# Our LO came home today



## Loopylou41 (Apr 26, 2011)

Our LO came home today. After 10 days of introductions. We are exhausted from driving so much between our house and FC plus DP had to work till midnight to catch up on work every day. But we couldn't be more happier. ☺. Our BC has been amazing. She really seems to have a good bond already. She is so smiley with her. Lo is 7 months and BC 10.

Have had a lovely day and she has even slept in her cot fine tonight.  Amazed!

Fingers crossed.

I didn't believe it when I read how wonderful it feels and all the meetings, assessments are worth it. But today I know its true.
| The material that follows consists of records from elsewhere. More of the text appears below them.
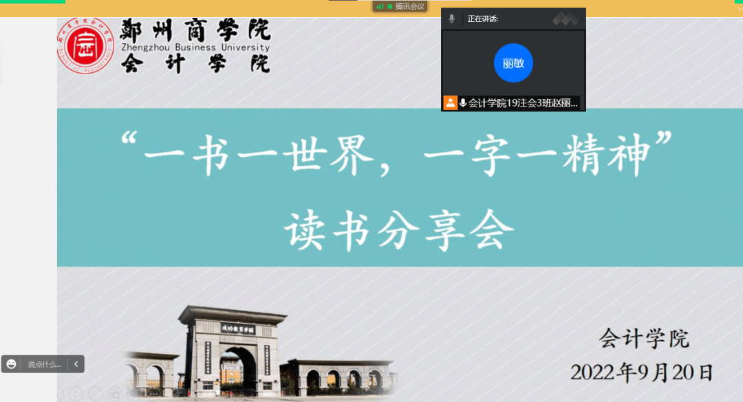 最是书香能致远,腹有诗书气自华。为了进一步推进书香校园阅读经典工程建设和落实疫情防控要求,会计学院举办“一书一世界,一字一精神”读书分享活动。活动过程中,同学们畅所欲言,表达自己的所思所想、所感所悟,鼓励大家不断阅读,不断思考。
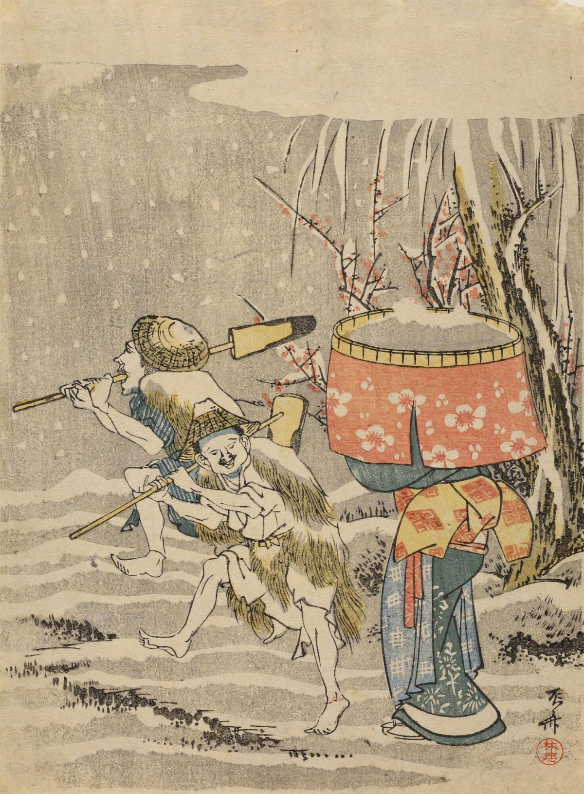 Peasants in Snow Startled by a Woman with a Bucket on Her Head
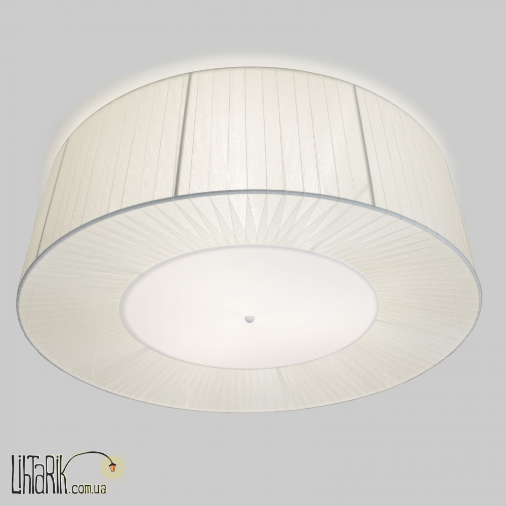 Припотолочная люстра, Светильник на потолок Модель представлена в бежевых, белых тонах. Светильник изготовлен из металла, ткани высокого качества
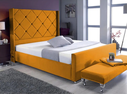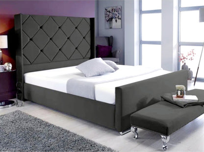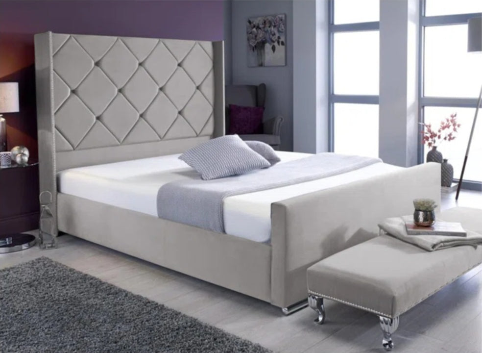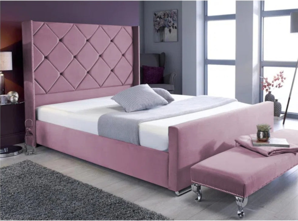 The Hybrid beds comes with wings, supported by a chesterfield design padded headboard. The padded headboard is part of our chesterfield range that are amongst the most popular beds at the moment.
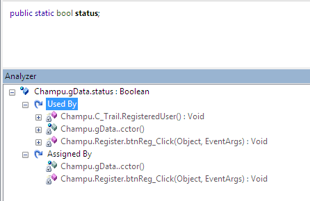 It is rather complicated to determine actually whether this class value is consumed or linked with other modules. We can also figure out such information by Analyzer, which virtually stated that a gData class member is used by both C_Trail and Register class as follows:

For all those waiting, it will happen and it will be SO worth it.

X


----------



## Tictoc (Aug 20, 2015)

Congratulations - it is so much easier when you can just start your 'normal' life together without FC etc. What a wonderful Christmas you are all going to have.


----------



## Sq9 (Jan 15, 2013)

Congratulations 😍 Amazing time for you all, enjoy every second xx


----------



## -x-Lolly-x- (Feb 3, 2012)

Awww this is a wonderful post, many congratulations, a family of 4 is just perfect   xxx


----------



## becs40 (Apr 9, 2013)

Congratulations! Brings back memories! It just gets better and better too!


----------



## Mumanddad (Apr 6, 2014)

Congratulations   just in time for Christmas how fantastic  x x x x


----------



## ♥Saila♥ (Mar 27, 2006)

Congratulations!!


----------